Este Enrique VIII constituye, con casi toda seguridad (aunque conviene decir estas cosas con la boca pequeña), la primera ocasión en que la obra se representa en España. Consignado entre las piezas históricas de Shakespeare, el texto no forma parte de sus repertorios habituales, por más que su argumento (el triángulo formado por el rey, Catalina de Aragón y Ana Bolena, el pulso lanzado a Roma, las conspiraciones para la sucesión del trono y la amenaza turca) resulte, a priori, poderosamente shakesperiano. Lo cierto es que la autoría de Enrique VIII no corresponde únicamente al bardo, sino que éste la comparte con John Fletcher; incluso es previsible pensar que hay bastante más de Fletcher que de Shakespeare en la obra, por más que ésta ya figurara en el First Folio (el primer canon de las obras del autor de Hamlet, que publicaron los actores de su compañía) de 1623. La pieza fue escrita en 1613, sólo tres años antes de la muerte de Shakespeare y el mismo año en que el legendario The Globe ardió para siempre (el actual Shakespeare's Globe Theatre es una reproducción construida en 1997).
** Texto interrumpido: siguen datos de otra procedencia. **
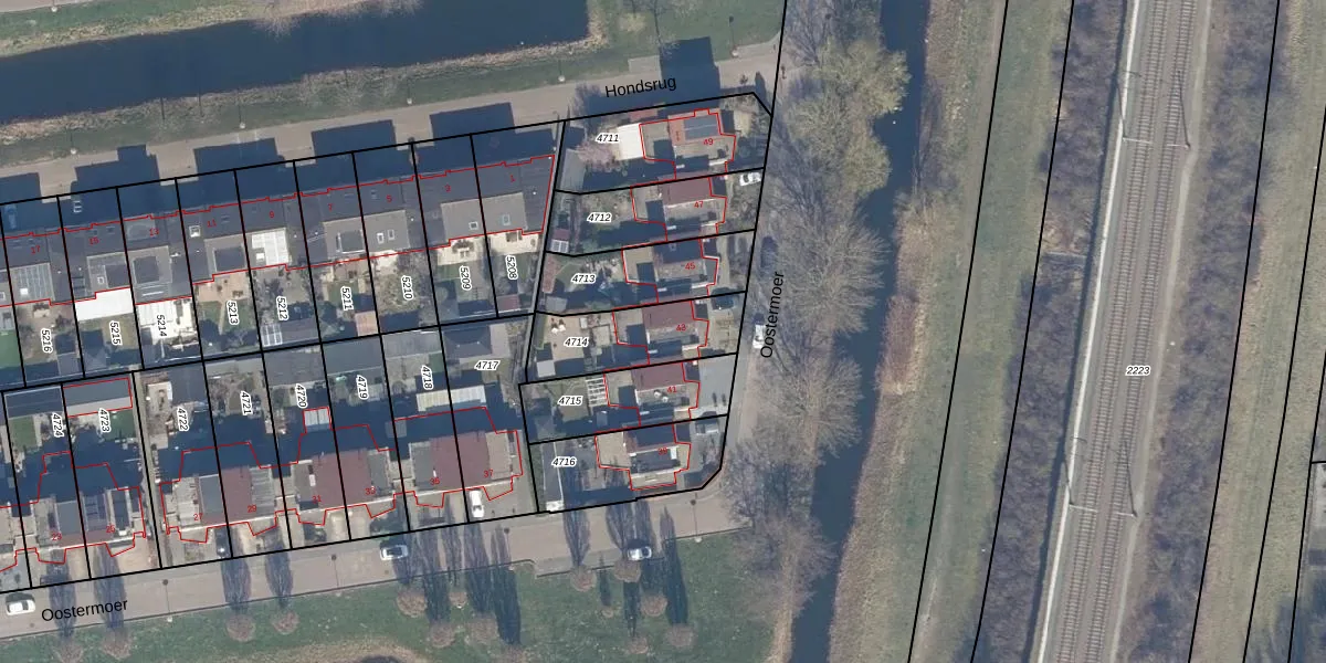 Het perceel waarop Oostermoer 43 staat heeft een oppervlakte van 298 m². Dit is een middelgroot perceel. De perceeloppervlakte wordt geregistreerd door het Kadaster. Gedetailleerde informatie over de maten van dit perceel kunt u vinden in het rapport Kadastrale kaart met maatvoering van Oostermoer 43.
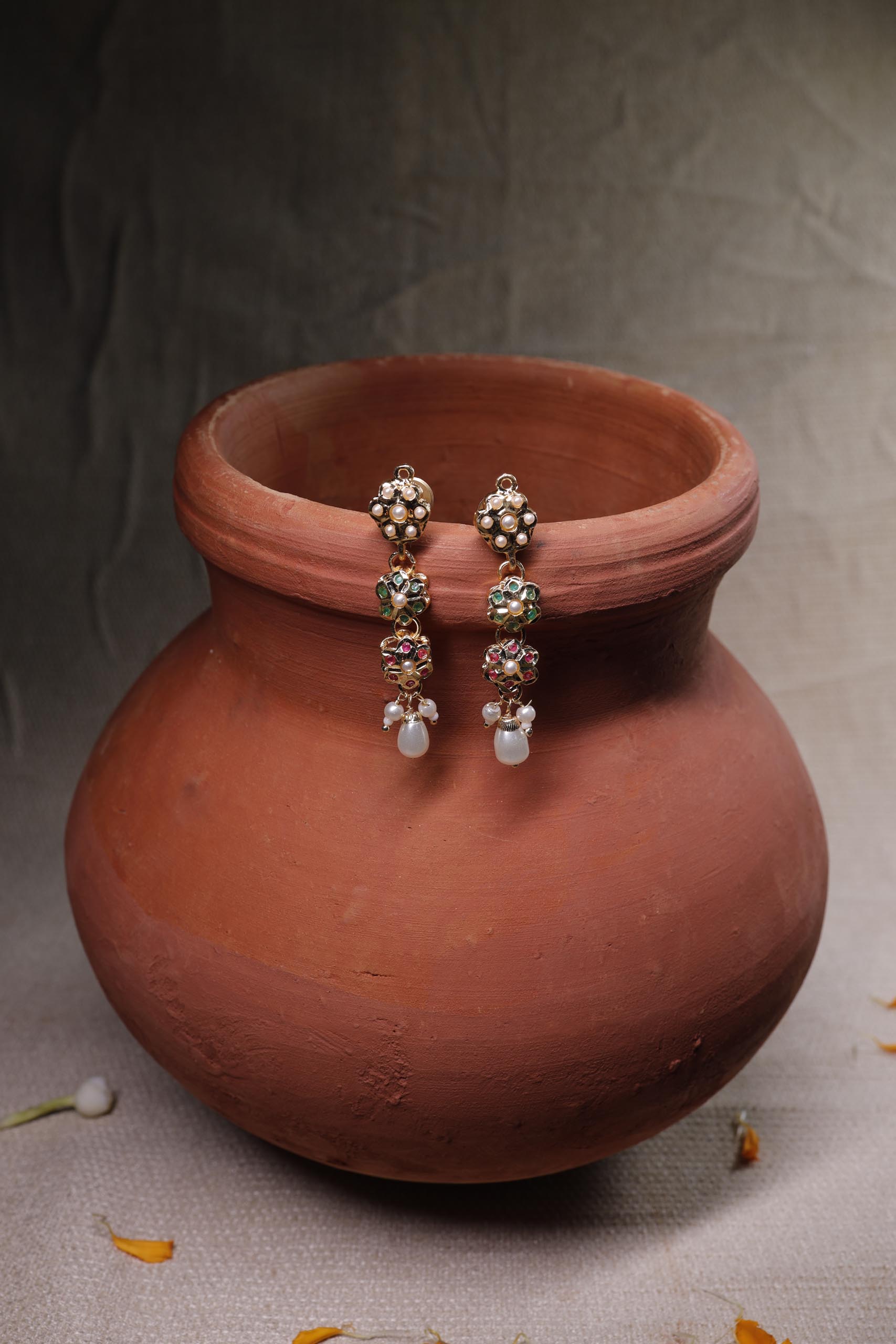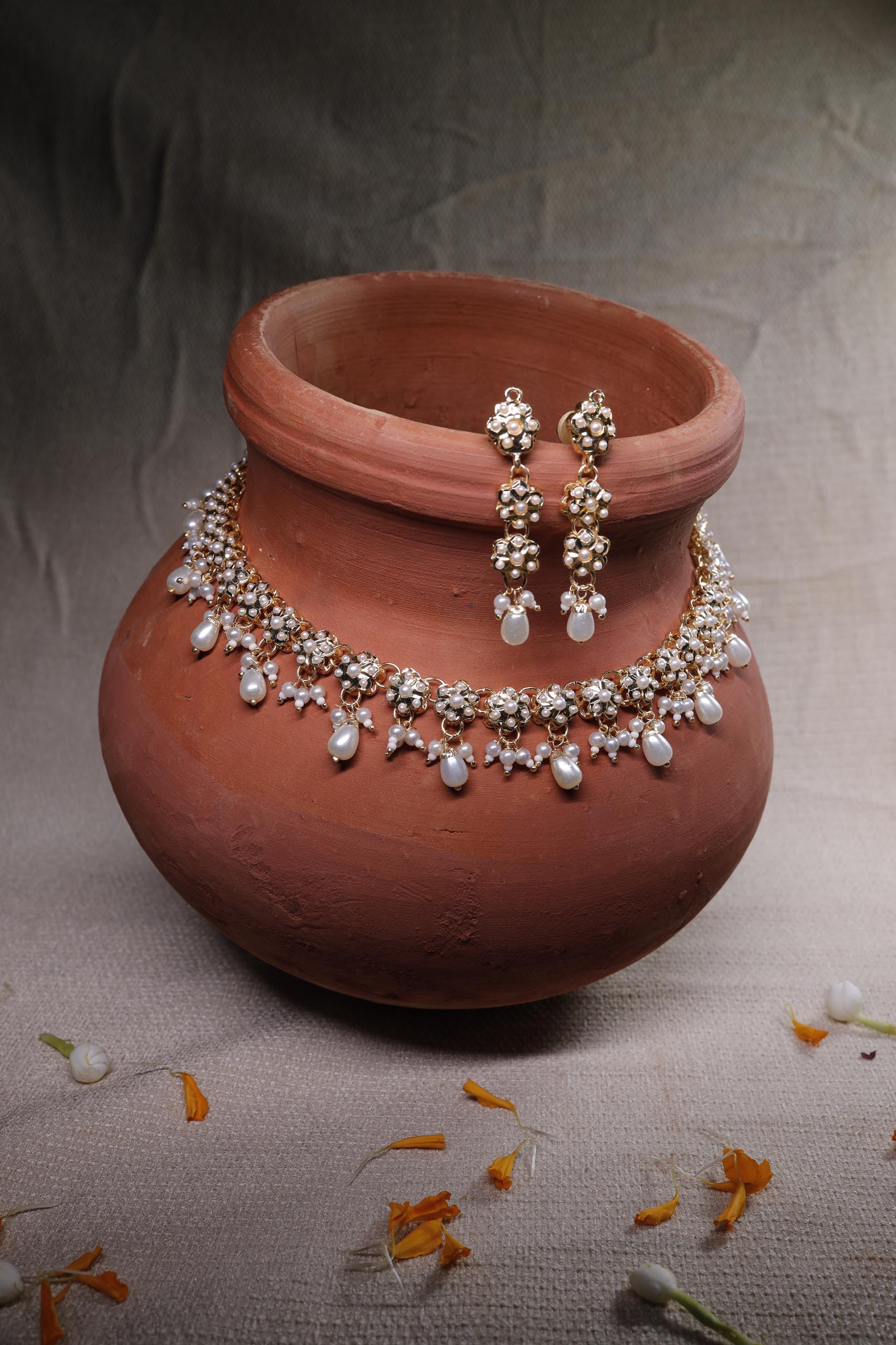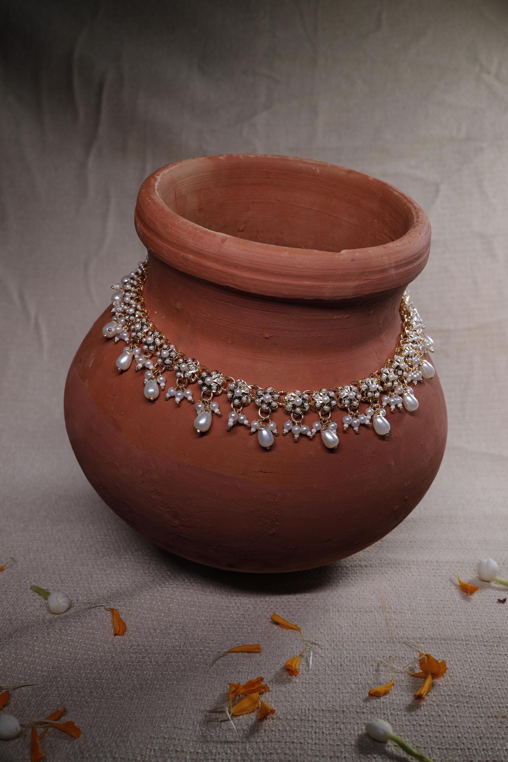 Distinct from Kundan or Polki styles, traditional Jadau jewellery is defined by its exquisite jadaI—delicate strings of pearls or beads meticulously hand-woven over a crafted base. This intricate detailing adds depth, richness, and movement to each piece, creating jewellery that feels both regal and timeless. A true celebration of heritage artistry, Jadau work remains a favorite for bridal and ceremonial wear.

Es comúnmente aceptado que la última obra cuya autoría corresponde a Shakespeare al cien por cien es La tempestad de 1611, aunque de nuevo, y más aún en estas lides, conviene no dar nada por sentado. Shakespeare recurrió a Fletcher en sus últimos y maltrechos años para escribir obras como la comedia dedicada a Cardenio, el personaje cervantino presente en Don Quijote al que ambos tomaron prestado para una suerte de spin-off que durante mucho tiempo se creyó perdido y que la Royal Shakespeare Company estrenó con todos los honores hace un lustro. Enrique VIII forma parte de ese último periodo, no tan brillante como el de las grandes tragedias pero, pardiez, no menos interesante tratándose del autor.

Cabe preguntarse por qué Shakespeare tardó tiempo en abordar una figura tan representativa de la corrupción del poder político y del mandato sostenido a base de bajas pasiones como la de Enrique VIII, el segundo rey de la dinastía de los Tudor, la misma que en 1485 provocó el derrocamiento de Ricardo III, en quien Shakespeare había resumido todos los vicios de la monarquía. Existe una respuesta evidente: la reina Isabel I, que gobernó hasta su muerte en 1603, fue la segunda hija de Enrique VIII y la última en ostentar la corona para los Tudor. Era necesario un cambio radical en el trono para poder abordar semejante material. Pero existe otra razón de índole, si se quiere, religiosa. Y es que Shakespeare mantuvo una relación delicada (volvamos a tomar las pinzas para sostener esta idea) con la Iglesia Anglicana, fundada por el propio Enrique VIII. En 1559, cinco años antes del nacimiento de Shakespeare, Isabel I decretó la definitiva escisión del credo anglicano respecto a la Iglesia Católica. Esta decisión acarreó no pocos problemas a los padres del poeta, ambos católicos. Y el mismo William, quien pudo tener amistades entre los jesuitas, también sufrió algunos agravios. Por mucho que sus tragedias contaran con el beneplácito de la reina, convertir a Enrique VIII en pasto de los demonios del poder habría sido para un católico una tarea imposible.

La situación cambió con la subida al trono de Jacobo I en 1603 y la llegada al poder de los Estuardo. El régimen jacobino se mostraba menos melindroso en la defensa de los preceptos anglicanos, pero repelía a golpe de censura cualquier representación de la monarquía distinta de su papel de garante del orden. Shakespeare pudo hacer su Enrique VIII, aunque seguramente menos monstruoso de lo que hubiese querido, por más que hubiese tenido al público a su favor; y es que, aunque Enrique VII acabara con Ricardo III, los Tudor nunca fueron muy del agrado de los ingleses por su origen galés. Así es la Historia. Que suba el telón.